Indonesia Sees Export Growth Holding Steady Despite US Tariff Pressures, BI Says
Jakarta. Indonesia’s central bank expects exports to keep expanding in the second half of 2025 despite heightened global uncertainty from Washington’s sweeping tariff hikes.
The US recently imposed reciprocal tariffs to cover 70 countries, a move that has rattled emerging economies reliant on external demand. But Bank Indonesia (BI) officials struck an optimistic note on Friday, pointing out that Indonesia’s tariffs were cut from 32 percent to 19 percent, easing the blow compared with other trade partners. However, Indonesia made some major trade concessions, including a commitment to import $15 billion worth of American energy products. Indonesia also agreed to get rid of 99 percent of tariff barriers for American industrial and food products.

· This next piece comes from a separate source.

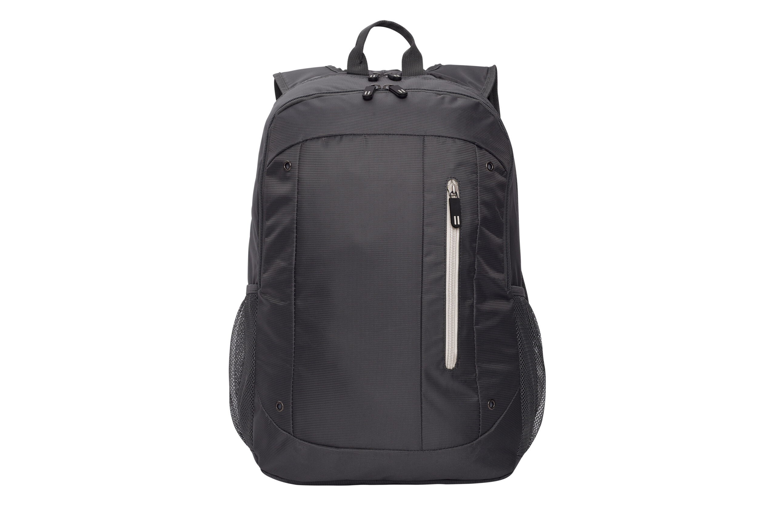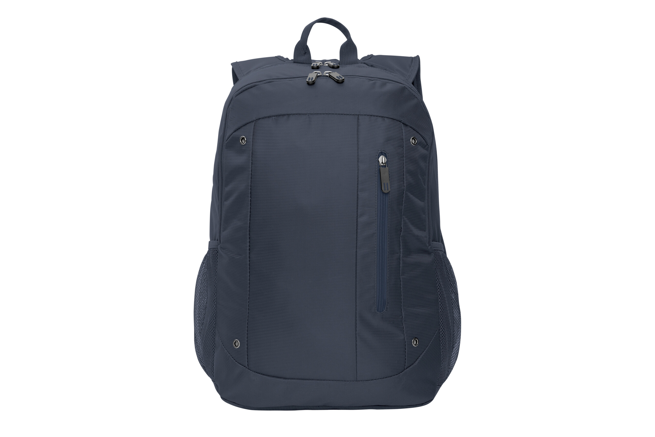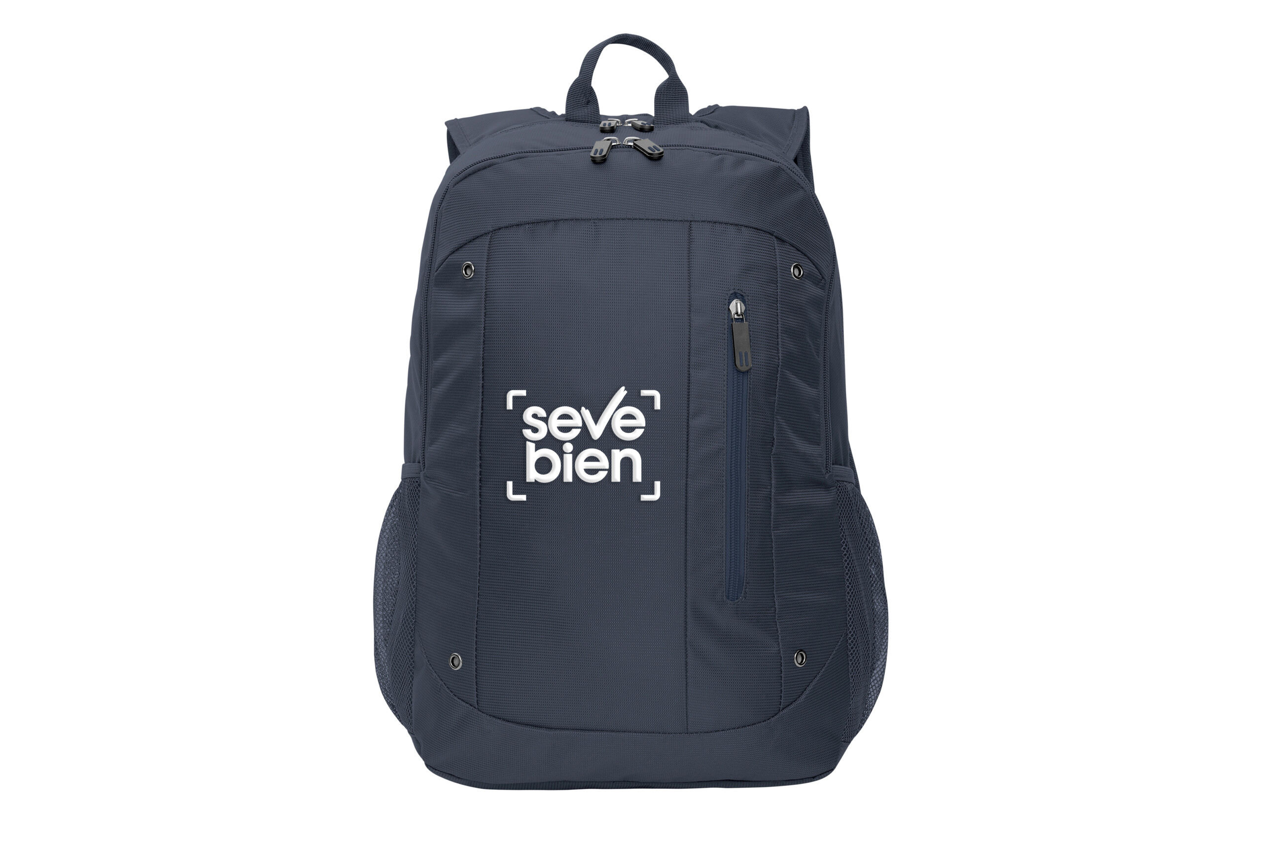 32 x 47 x 17 cm. Capacidad 25 litros aprox. Jacquard Poliéster 420D. Mochila portanotebook. Dos compartimentos con cierre. Compartimento principal con división acolchada porta notebook de hasta 16” con bolsillo y el segundo con tres espacios contenedores. Bolsillo frontal con cierre en color y dos bolsillos de red laterales. Cierres metálicos con tiradores de goma con detalles de color. Correas regulables y espalda acolchadas.

Indonesia’s relative insulation from the harshest US trade measures comes at a critical moment for President Prabowo Subianto’s government, which is seeking to stabilize growth while financing ambitious infrastructure and social programs. While some neighbors brace for steeper shocks from tariff escalations, BI is betting Indonesia’s mix of competitive manufacturing, resilient domestic demand, and policy support will keep the economy on a steady footing.
“Export performance will improve because our tariffs are relatively lower than before. Our key trading partners, such as China and Europe, also face lower tariffs. This should support exports,” said Juli Budi Winantya, director of BI’s Economic and Monetary Policy Department, during a media briefing in Yogyakarta.
He contrasted Indonesia’s position with that of India and Switzerland, which were slapped with steeper duties than initially expected. “Because tariffs on Indonesia are lower compared with other countries, market confidence is higher. We expect exports to increase going forward,” Juli said.
Still, risks remain. The US tariffs cover not only direct shipments but also rerouted goods through third countries, raising concerns of transshipment penalties. Even so, BI argues the overall outlook is constructive.
Data from the Central Statistics Agency (BPS) show the country’s exports reached $135.41 billion in the first half of 2025, up 7.7 percent from $125.73 billion a year earlier. The surge was driven by manufacturing, which contributed $107.6 billion, marking a robust 16.6 percent year-on-year increase.
Despite the upbeat trade figures, BI expects the current account to stay in deficit this year, though at a “low and healthy level” between 0.5 percent and 1.3 percent of GDP. “Exports and imports of goods and services will still leave a deficit, but it will remain manageable,” Juli said.
Domestically, BI sees economic growth underpinned by household consumption, stronger government spending, and fresh fiscal stimulus rolled out since mid-2025. The central bank has also leaned on monetary easing, cutting its benchmark rate five times by a total of 125 basis points since September 2024 and injecting liquidity through macroprudential incentives.
“These steps are expected to further drive growth in the second half. For the full year, the economy will likely stay above the midpoint of our 4.6 percent to 5.4 percent range,” Juli concluded.